The viewer is invited to take a ride through a miniature landscape, requiring very careful observation, close deliberate study, in order to see incongruous juxtapositions, while searching for their possible original settings and meanings, uses and importance. Some areas may give a jolt to the viewer, as do ambiguous, yet provocative, phrases written between some configurations. The words take on precious and prescient meaning as one tries to interpret their significance. What would you write if you were incarcerated in a cell or bound on a life-threatening escape to freedom? On what – wall or tree, floor or sand – would you write your words?
The observer is prompted to complete a narrative, tell a story, fantasize about what is behind these humble-yet-monumental materials. To whom did they belong? Were they used in celebration? What was the fragment’s connection with its owner? Was it intentionally discarded? Was it a favorite object? Did it have sentimental value? Was it bought or found or gifted? This searching for familiarity and affiliation may become hypnotic for the artist and viewer alike.
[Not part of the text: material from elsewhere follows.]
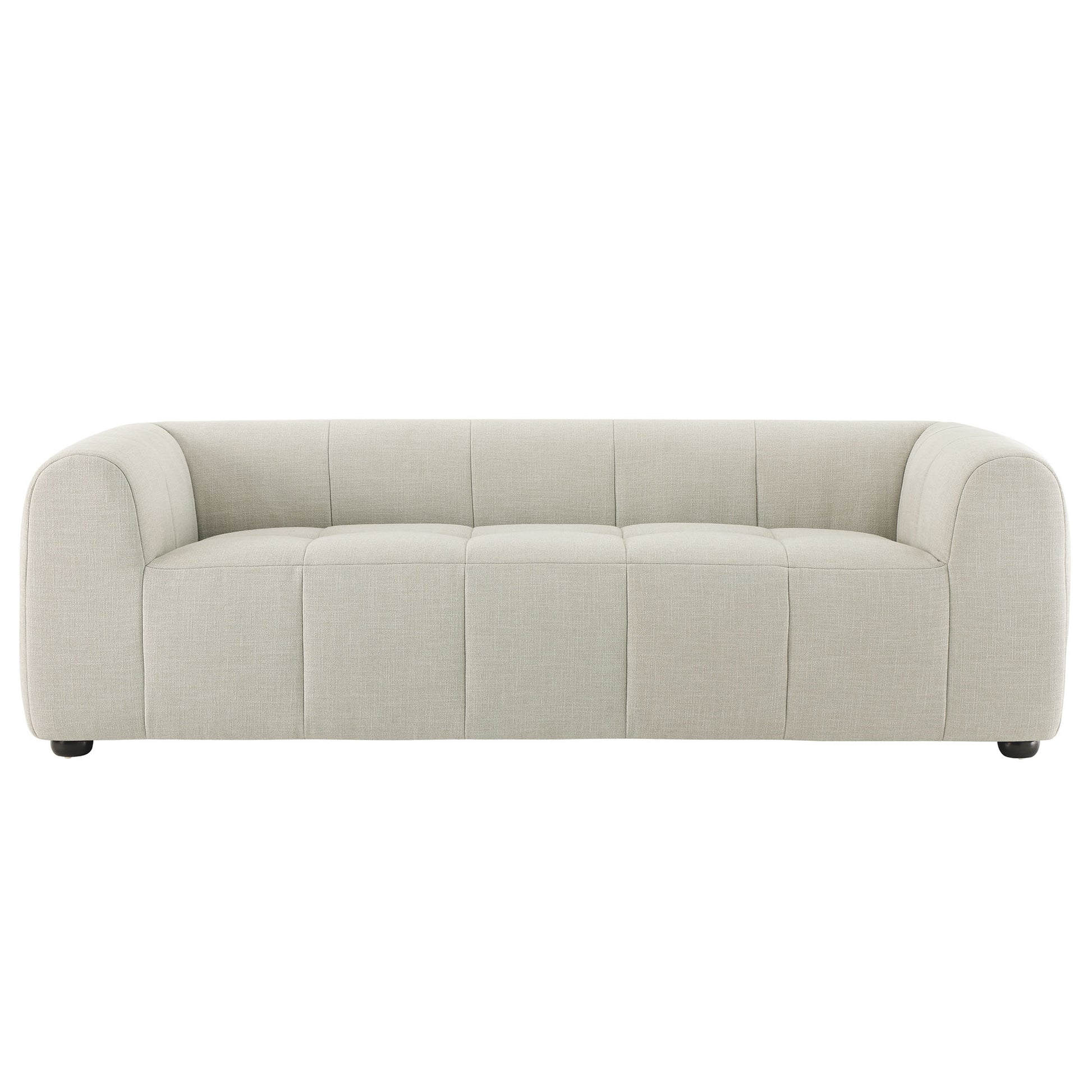 Step into the world of refined relaxation with this Upholstered Fabric Sofa, a stylish centerpiece that seamlessly combines comfort with a chic, casual aesthetic. Embodying a retro-modern look, this 3 Seater Sofa features dense foam padding encased in soft fabric upholstery, perfect for sinking into after a long day. The allure of this elegant piece is enhanced by subtly tufted seats that blend with a neatly stitched grid pattern, extending into gently curved armrests and backrests, imparting a touch of geometric flair.

Within each sculpture, there is a paradoxical combination of menace and serenity. One shelf or drawer holds haunting reminders of life, materials worn and rusted or brand new, lying around in unexpected couplings after one might have been forced to rush out the door. The viewer continues to journey, exploring and excavating the remnants until the “aha moments” of subjective recognition, satisfying discovery, when conjoined fragments are identified in their new family of stability and safety.
The artistic process is labor-intensive, focusing on the minuscule, the almost imperceptible and seemingly inconsequential triviality. Placing a hair-like strand of thread, as the connector to fill in a gap, is time-consuming. For the head of a pin to become a factor in transitioning, for a nail to become a line of demarcation, the artist must be patient, open and receptive to microscopic possibilities. With fingers caressing each fragment, giving it value and respect, and adding it to a chosen family of cherished ones, the process becomes nothing less than a love story weaving together footnotes of life. The landscape of vulnerability – stemming from displacement from home – becomes a collective ideal.